Armand’s First Letter. Amelia’s First Letter.
16 November 1021, Veronica’s College, Edenford
My dearest cousin Armand,
As you see from the direction, Maximilian and I have escaped the confines of L’École du Sorciers (much loved though they are) and are temporarily in residence in Edenford, the better to collaborate with Dr. Tillotson and his colleagues.
In my last I wrote you of our discovery that a provincial Provençese saint (do I repeat myself?) may have used the ley lines around the village of San Rocher as a means of transport. This sent me into a flight of giddy speculation, from which I fear I have not yet descended. Still, I have moved forward with caution.
Shortly after writing to you I met with Dr. L’Auberge for my continued instruction in Old Provençese, and I asked him if the annals might contain any references to the Ancients (that is, the Iturians) that described their means of transport. He began to shake his head, and then stopped and stared off into the space above my head.
“Perhaps,” he said, and then collected himself. “Madame Archer, I might perhaps have something for you; I must reacquaint myself with the details. For now, let us return to your declensions, which are abominable.”
He returned the following morning, bearing a thick volume that contained the proceedings of the meeting of the Académie Provençese for the year 973. “When I was a student,” he began, placing the tome on the table between us, “my instructor advised me to acquaint myself with the past work in the field.”
“So that you might build upon it?”
“Non, non,” he said. “So that my in youthful enthusiasm I might not repeat old mistakes or reopen dead controversies and so become a figure of ridicule, n’est-ce pas?
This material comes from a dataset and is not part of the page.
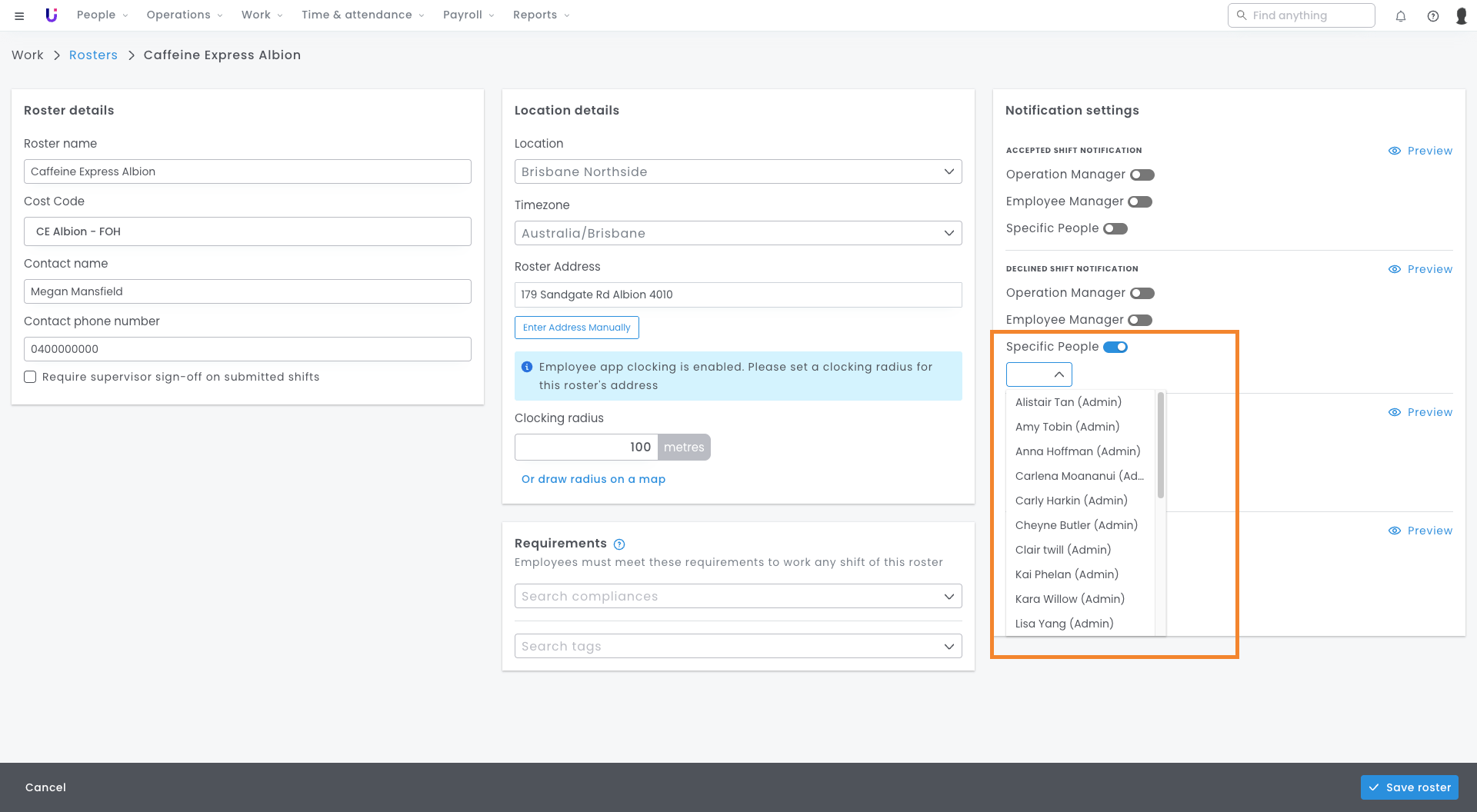 - See which employees are already rostered when sending shifts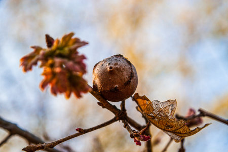 A closeup shot of a brown seed pod on the branch of a tree with autumn leaves in a forest

For one must choose one’s battles, and it is foolish to engage in a battle that is already lost. And here,” he said, patting the tome gently, “is one of these. Whether it will have value to you, I do not know.” And then he shrugged, in that way the Provençese have. “I have marked the page; you shall read it for yourself. Bonjour!“
You will remember Hlodowig and the Salians, the founders of what is now called Provençe. There is a text, the Deeds of the Salians, which says (as translated into modern Provençese) that Hlodowig unsuccessfully attempted to use the “means of the Ancients” to bind his kingdom together. The original text speaks of the Iturians, as so often; and the word translated as “means” might more literally be translated “ways”.
The word “way” is ambiguous in Old Provençese as it is in modern Cumbrian. It can mean a manner of doing something, as you might say, “Oh, that’s just Amelia’s way”; or it can mean the route to a place, as you might say, “That’s the way to Bois-de-Bas.” In this latter usage, it can be synonymous with “road” or “path”.
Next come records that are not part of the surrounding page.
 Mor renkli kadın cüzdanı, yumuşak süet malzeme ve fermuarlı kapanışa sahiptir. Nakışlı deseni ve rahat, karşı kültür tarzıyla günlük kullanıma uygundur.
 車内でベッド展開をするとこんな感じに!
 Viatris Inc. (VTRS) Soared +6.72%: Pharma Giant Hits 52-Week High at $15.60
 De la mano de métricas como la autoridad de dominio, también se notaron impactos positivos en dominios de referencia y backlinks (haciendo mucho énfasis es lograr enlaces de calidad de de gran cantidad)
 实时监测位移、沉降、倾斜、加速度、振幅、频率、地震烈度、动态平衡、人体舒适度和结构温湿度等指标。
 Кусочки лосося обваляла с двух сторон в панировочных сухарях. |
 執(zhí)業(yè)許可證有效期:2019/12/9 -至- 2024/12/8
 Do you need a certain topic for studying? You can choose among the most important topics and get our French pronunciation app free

The article in Dr. L’Auberge’s tome describes a heated argument that took place at a particular meeting of the Académie Provençese, during which two scholars came to blows. The first scholar suggested that the “ways of the Ancients” were the ways—the roads—along which the Ancients marched their armies, and so bound their realm together by force of arms. The second scholar suggested that the first scholar was a damned fool, that no one had ever found the remains of any such roads, and that the “ways of the Ancients” undoubtedly referred to their skills in the arts of statecraft, skills that Hlodowig, for all his accomplishments, had had no opportunity to acquire.
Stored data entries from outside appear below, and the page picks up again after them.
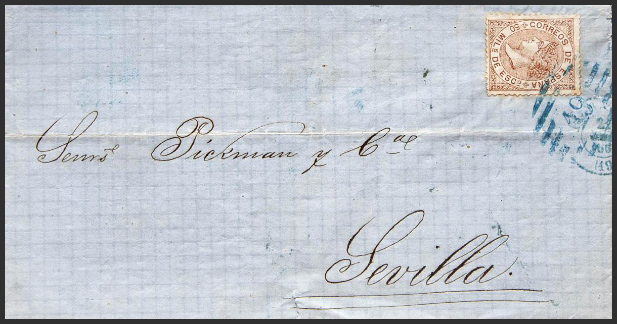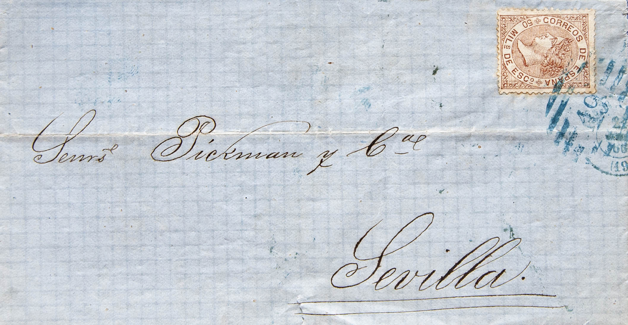 Extremadura. Historia Postal. PARRILLA CON Nª19, en azul de Badajoz. MAGNIFICA Y RARA.
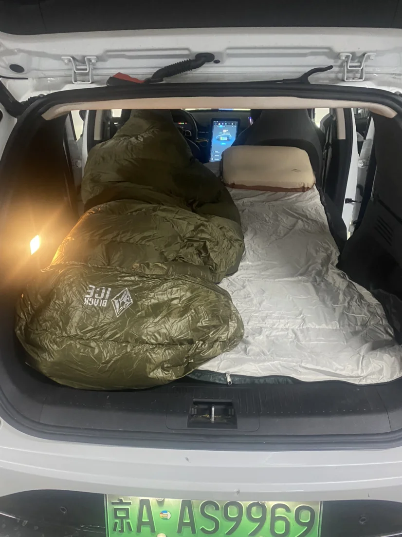 G3i后座放平变床这个事,我185身高,前排往前挪到头,正好可以躺平,不建议买太厚的充气床垫,高度不够的话很压抑,上下“床”也很困难,别问我怎么知道的😭
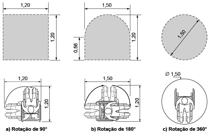 | Qual a área para manobra de cadeiras de rodas sem deslocamento para rotação de : 90, 180 e 360 graus? | |
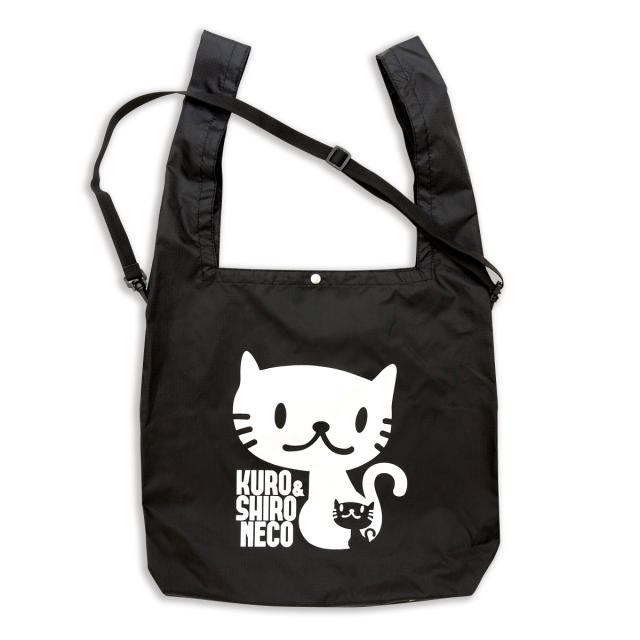 マルシェバッグ メンズ レディース しろ&くろねこさん - ブラック ネコ ねこ 猫柄 雑貨 マチ広 レジ袋 コンビニ 折りたたみ - メール便 - SCOPY スコーピー

The second scholar was censured for the intemperate language that lead to the altercation—he was fined two livres of money—but for all that the assembled scholars judged him correct in his assertions.
There are, so Dr. L’Auberge tells me, multiple references in ancient texts to the “ways of the Ancients”; but although ruins of ancient cities are present here and there across the Old Lands, none have found any signs of roads dating to those times, and current scholarship regards the matter as settled.
But suppose, Armand, suppose that we are right. Suppose the ley lines were a means of transport. Might they not be the “ways of the Ancients”? Might they not have been used to transport men and materiel?
If they could do so, perhaps we can as well. And so we are here in Edenford to work with Dr. Tillotson and ponder how the trick might have been accomplished!